First please install dependencies for the experiment:

pip install -r requirements.txt

We recommend to install Pytorch version after Pytorch 1.6.0 since we made use of automatic mixed precision for accelerating. (we used Pytorch 1.7.0 in our experiments)

Prepare the dataset

First download the Deepfashion dataset (high resolution version) from this link. Note the file name is img_highres.zip. Unzip the file and rename it as img.
If the password is necessary, please contact this link to access the dataset.
We use OpenPose to estimate pose of DeepFashion(HD). We offer the keypoints detection results used in our experiment in this link. Download and unzip the results file.
Since the original resolution of DeepfashionHD is 750x1101, we use a Python script to process the images to the resolution 512x512. You can find the script in data/preprocess.py. Note you need to download our train-val split lists train.txt and val.txt from this link in this step.
Download the train-val lists from this link, and the retrival pair lists from this link. Note train.txt and val.txt are our train-val lists. deepfashion_ref.txt, deepfashion_ref_test.txt and deepfashion_self_pair.txt are the paring lists used in our experiment. Download them all and move below the folder data/.
Finally create the root folder deepfashionHD, and move the folders img and pose below it. Now the the directory structure is like:

deepfashionHD
│
└─── img
│   │
│   └─── MEN
│   │   │   ...
│   │
│   └─── WOMEN
│       │   ...
│   
└─── pose
│   │
│   └─── MEN
│   │   │   ...
│   │
│   └─── WOMEN
│       │   ...

Inference Using Pretrained Model

The inference results are saved in the folder checkpoints/deepfashionHD/test. Download the pretrained model from this link.
Move the models below the folder checkpoints/deepfashionHD. Then run the following command.
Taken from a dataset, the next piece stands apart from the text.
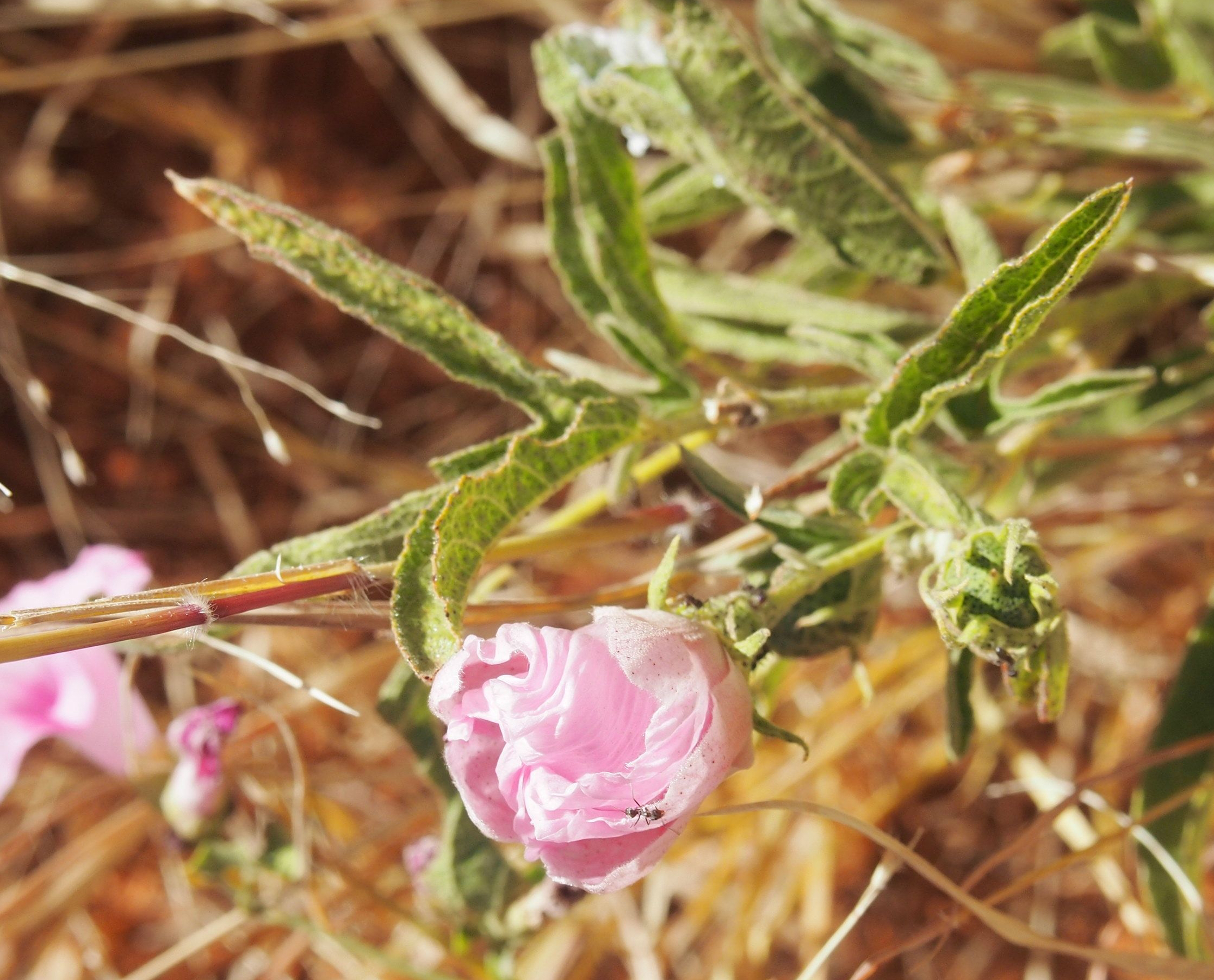 Gossypium bickii flower

python test.py --name deepfashionHD --dataset_mode deepfashionHD --dataroot dataset/deepfashionHD --PONO --PONO_C --no_flip --batchSize 8 --gpu_ids 0 --netCorr NoVGGHPM --nThreads 16 --nef 32 --amp --display_winsize 512 --iteration_count 5 --load_size 512 --crop_size 512

The inference results are saved in the folder checkpoints/deepfashionHD/test.

Training from scratch

Make sure you have prepared the DeepfashionHD dataset as the instruction.
Download the pretrained VGG model from this link, move it to vgg/ folder. We use this model to calculate training loss.

Run the following command for training from scratch.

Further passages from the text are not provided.